AssemblyScript is definitely not a TypeScript-to-WebAssembly compiler, as stated by the AssemblyScript team. Instead, it reuses the syntax and the language and very closely matches the semantics of TypeScript. Therefore, the code that you read in AssemblyScript looks like TypeScript.

However, you cannot take just any existing TypeScript code, throw it into AssemblyScript, and get it working in WebAssembly. TypeScript has things that just don't work in WebAssembly, like the fact that WebAssembly variables cannot natively hold a string, a number, an object, and a class. AssemblyScript does support these types by managing blocks of WebAssembly memory for you. Because of these differences, the AssemblyScript team had to add some restrictions to the language such as a stricter type system.

AssemblyScript has about 3,000 projects hosted on GitHub, either partially or completely written in AssemblyScript. It’s also got about 5,000 downloads on npm as of March 2021.

Benefits of WebAssembly

Before WebAssembly, JavaScript was the only language that was officially supported by the web. Here are some of the benefits of adding WebAssembly to your web development toolkit:

Using Existing Code

With WebAssembly, we can use existing code written in programming languages like C and C++ and compile to WebAssembly using the Emscripten compiler. Rust also supports WebAssembly out of the box, which allows you to make use of the entire ecosystem of these languages and bring them to the web, even though those libraries might not have been written with the web in mind.

Improved Performance

For the longest time, WebAssembly and JavaScript had relatively near peak performance, as they were optimized by the same engine. The difference, however, is that JavaScript is a dynamically typed language. The engine for JavaScript needs to run the code, observe it, and then start optimizing.

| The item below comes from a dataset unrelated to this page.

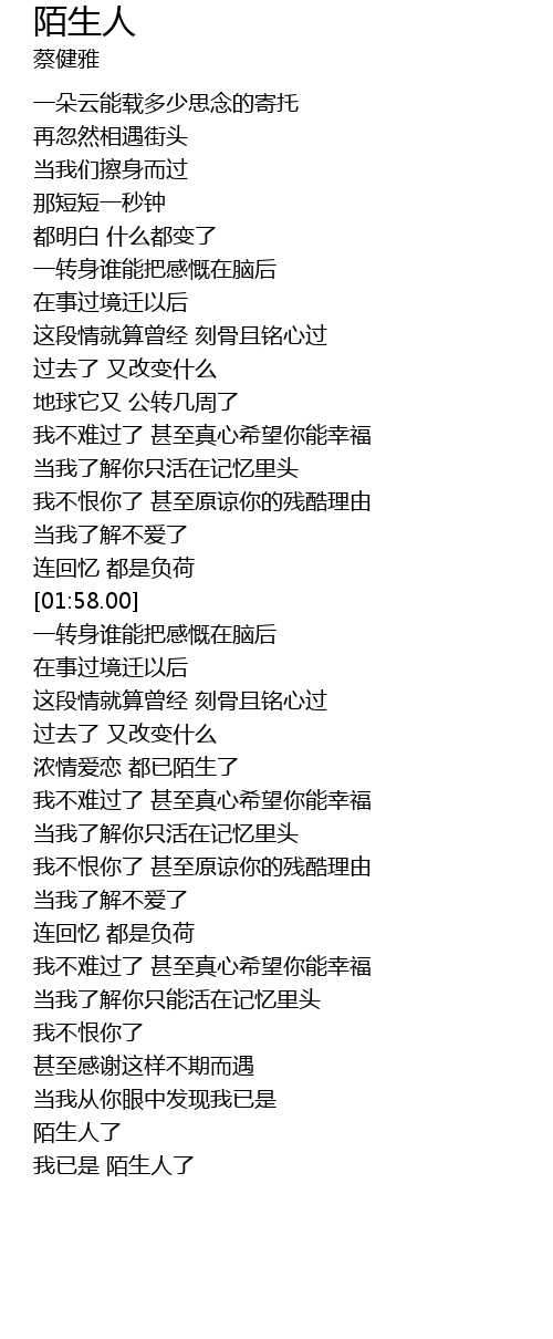 | [03:35.80] | wǒ yǐ shì mò shēng rén le |

With WebAssembly, that’s already encoded in the WebAssembly file. In WebAssembly, the optimizing compiler kicks in immediately. A compiler called Liftoff generates code quickly at the cost of not generating optimal code. WebAssembly can start running as quickly as possible the second that Liftoff is done, and then an optimizing compiler called TurboFan kicks in and starts optimizing.

As a result, WebAssembly is much more predictable as to how it will behave. While you can reach similar peak performance with JavaScript, it can also regress to being slower. This is known as de-optimization. For example, you can call the same function with a string, with an object, and with an array. If the function gets called with a string all the time, then it generates machine code for handling a string. However, the first time you call it with a different type, it has to fall back to interpreting because the machine code is wrong now if you suddenly call it with an array.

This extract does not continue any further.